Von Blumen und Bienen – und Schwärmern und Kolibris
Neu Einblicke in die Evolution der Petunien
Blütenpflanzen passten ihre Blüten im Laufe der Evolution immer wieder an neue Bestäuber an. Insekten, Vögel und Fledermäuse haben somit entscheidend zur enormen Vielfalt von Blütenmerkmalen beigetragen – und somit letztendlich zur Artenbildung. Wie eines dieser durch Bestäuber selektierten Merkmale die Artbildung vorantrieb, zeigten Wissenschaftler am Beispiel der Petunien: Die Speicherung von UV-Licht, und damit die Farbigkeit der Blüten, war offenbar ausschlaggebend für die Bildung zweier neuer Arten.
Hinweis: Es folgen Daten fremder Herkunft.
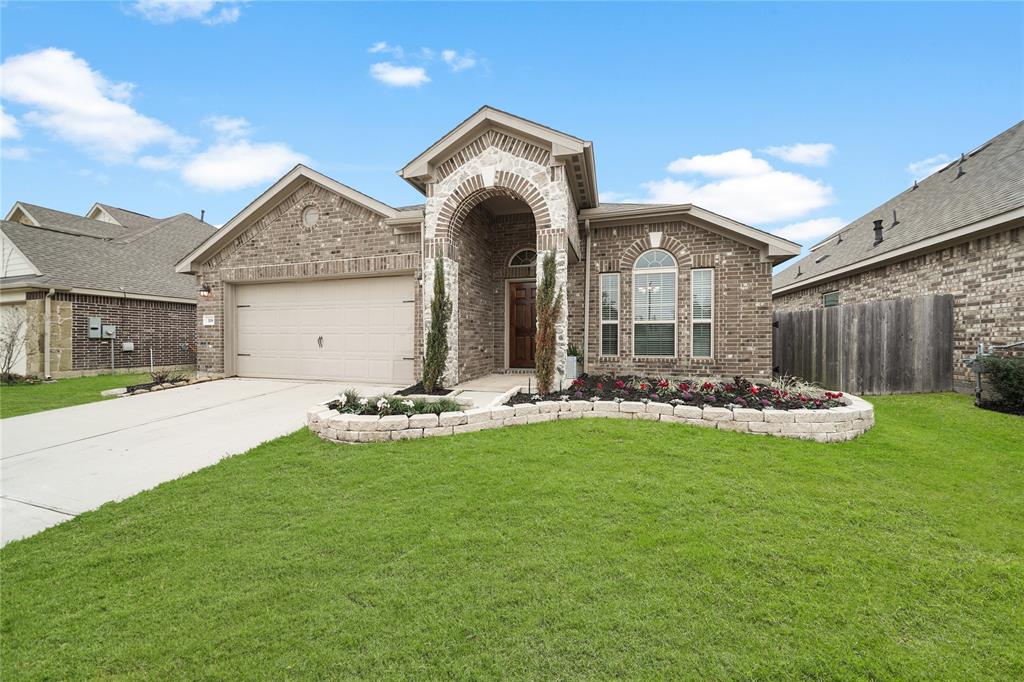 Welcome Home! This IMMACULATELY maintained home in Delany Cove is ready for YOU! This beauty hosts 4 bedrooms 2 baths plus an office! As you pull up you will notice the gorgeous brick and stone exterior with beautiful flower bed! Upon entering the home you be greeted by the home office equipped with French doors and large windows! Make your way down the entry hall on the exquisite wood look tile flooring into the kitchen/living room combo space that will host those large gatherings with ease! Retreat after a long day to your huge primary bedroom with soaking tub and walk in closet! The secondary bedrooms are spacious and very well maintained. Have a green thumb? This backyard is perfect for you! Relax on your covered patio and do your gardening in your cozy back yard oasis. Delany Cove is conveniently located between Houston and Galveston and right off of Interstate 45 for a quick commute. This area is booming with restaurants, shopping, and businesses! Schedule your showing today!

Eine Blumenwiese ist ein Meer aus Formen und Farben – und Zeugnis der Evolution. Denn die Blütenmerkmale, ob Morphologie, Pigmentierung, Duft oder Nektar, sind optimale Angepasstheiten an unterschiedliche Bestäuber. Die Artenvielfalt der Blütenpflanzen wurde entscheidend durch immer wieder auftretende Wechsel des Bestäubers vorangetrieben: Aufgrund von Mutationen, die zur Ausprägung neuer Blütenmerkmale führten, zogen Pflanzen andere Bestäuber an und passten sich an diesen optimal an. Die damit einhergehenden Veränderungen der Blüten, isolierte die Pflanzen nach und nach von ihren Artgenossen, sodass sich nach vielen Generationen neue Arten bildeten.
Schon lange versuchen Wissenschaftler herauszufinden, welche Merkmale für die Artbildung innerhalb der Blütenpflanzen entscheidend waren und vor allem, welche Gene letztendlich für die Artbildung verantwortlich sind. Kürzlich gelang es anhand von drei Petunia-Arten ein verantwortliches Gen zu identifizieren.
Bestäuber-gesteuerte Selektion
In der Gattung Petunia kommen sehr unterschiedliche Blütenformen vor. Die aus Südamerika stammende Gruppe ist relativ jung und hat – auf evolutionärer Zeitskala kürzlich – eine starke Radiation, also eine Auffächerung, erfahren: Zur Gattung gehören sehr unterschiedliche Arten, die an die Bestäubung durch Bienen, Schwärmer oder Kolibris angepasst sind. Die Gruppe eignet sich daher besonders gut, zu untersuchen, welche Gene für die Artbildung relevant waren, welches phänotypische Merkmal also unter Selektionsdruck stand.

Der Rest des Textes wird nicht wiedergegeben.